Add 2-3 inches of water to your pressure canner. Bring to a simmer (180°F).
Prepare the desired tested low-acid preserving recipe.
Use a Jar Lifter to remove the pre-heated jar. Fill jar one at a time with prepared food using a Jar Funnel, leaving headspace recommended in the recipe. Remove air bubbles, if stated in the recipe, by sliding the Bubble Remover & Headspace Tool or rubber spatula between the jar and food to release trapped air. Repeat around jar 2-3 times.
Wipe the rim and threads of the jar using a clean, damp cloth to remove any food residue. Center lid on the jar, allowing the sealing compound to contact the jar rim. Apply band and adjust until fit is fingertip-tight. Place jar in canner. Repeat steps 4 and 5 until all jars are filled. Ensure that water level is 2-3 inches high (or per recommended in manufacturer’s manual).
Lock the canner lid in place, leaving vent pipe open. Adjust heat to medium-high. Allow steam to escape through vent pipe for 10 minutes or until steam forms a constant flow to ensure there is no air (only steam) left in the canner. Close vent using weight or method described for your canner. Monitor and adjust heat to achieve the recommended pressure.

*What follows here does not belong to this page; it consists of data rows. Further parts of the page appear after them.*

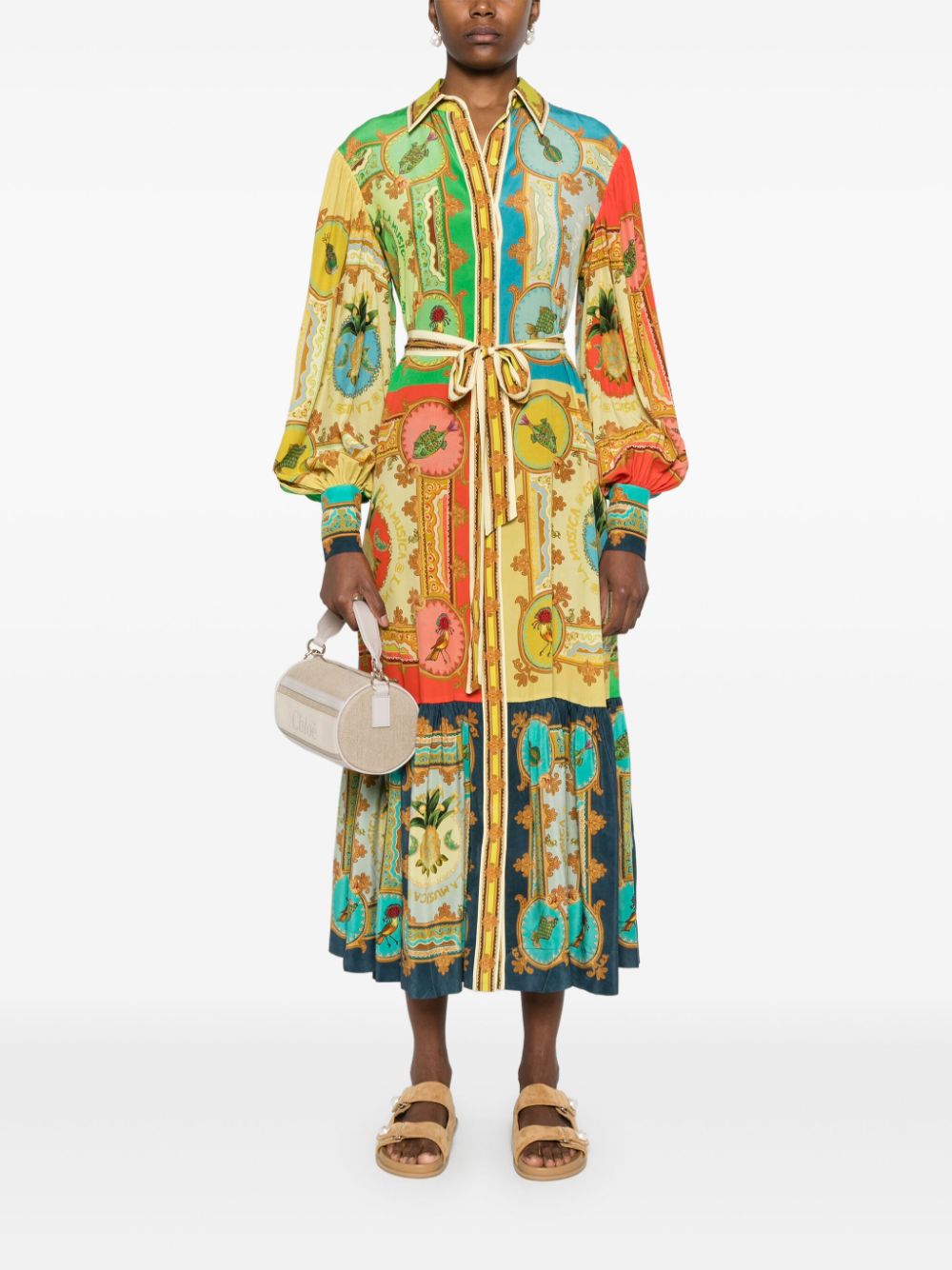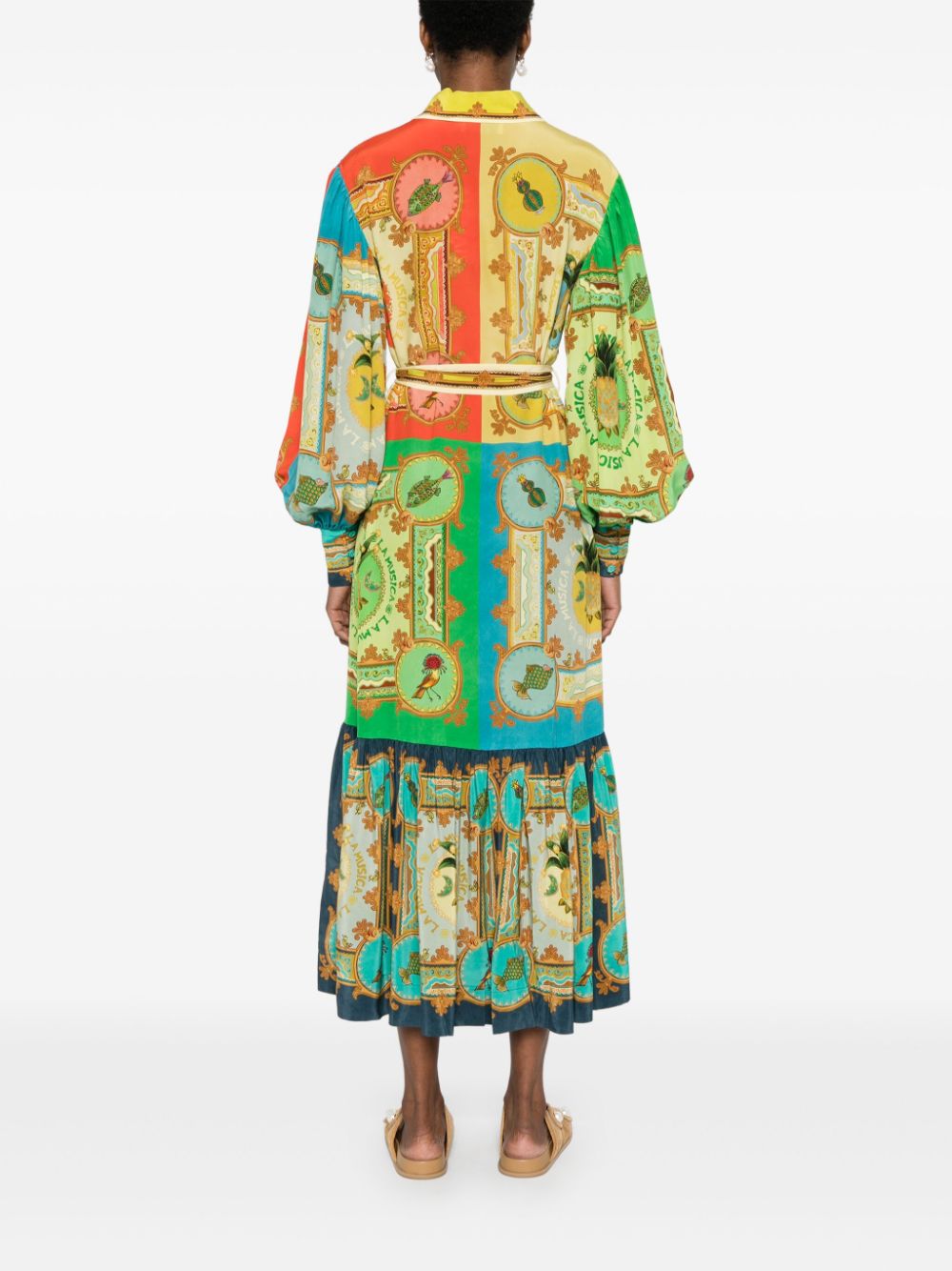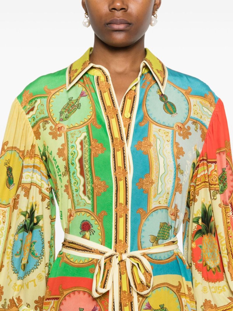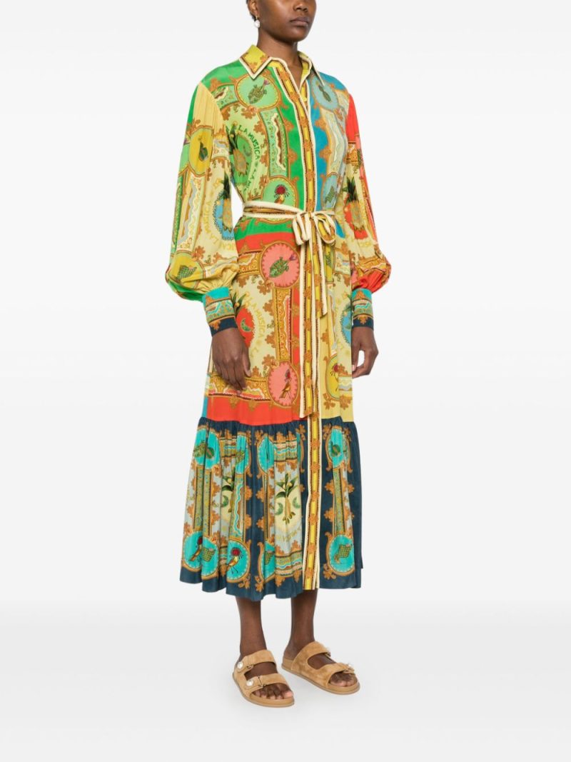 Rochie midi Alemais La musica multicolor, din matase satinata, cu guler clasic, inchidere cu nasturi ascunsi, maneci lungi bufante, mansete cu nasturi, cordon textil in jurul taliei, grafica La musica color-block imprimata si tiv cu volane decorative. Potrivita pentru sezonul primavara/vara. 100% matase.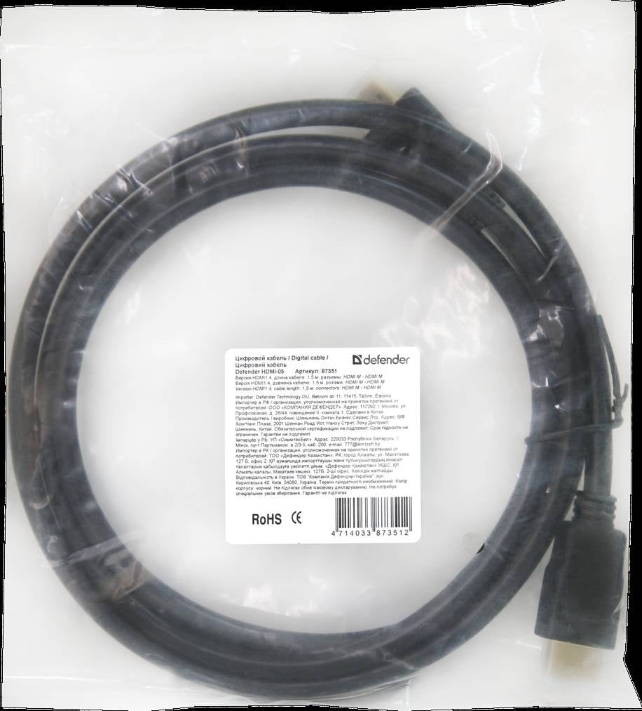 Подробные характеристики Кабель цифровой видео Defender HDMI-05 HDMI M-M (87351) (6337024).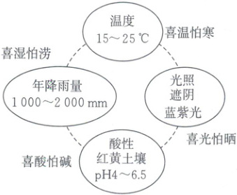 [南京一中月考]近日,江苏宜兴“阳羡茶”获得国家地理标志证明商标。宜兴市某茶企业通过整合特色山水,建设集茶树种植、茶叶加工储存、旅游和文化为一体的现代茶庄园。下图表示茶树生长的适宜条件。读图,完成1、2题。

Maintain the recommended pressure for the time indicated in tested preserving recipe, adjusting for altitude. Turn off heat. Let canner stand undisturbed (do not remove the weighted gauge) until pressure returns to zero. Wait 10 minutes, remove weight and unlock the lid, tilting away from yourself. Allow jars to cool for an additional 10 minutes.
Move jars from pressure canner and set upright on a towel. This will prevent jar breakage that can occur from temperature differences. Leave jars undisturbed for 12 to 24 hours. DO NOT retighten bands as this may interfere with the sealing process.
Inspect lids for seals. There should be no flex when the center is pressed. Remove the bands and attempt to lift lids off with your fingertips. Properly sealed lids will remain attached. If a lid fails to seal within 24 hours, immediately refrigerate the product. Clean canning jars and lids, label and store in a cool, dry, dark place for up 18 months.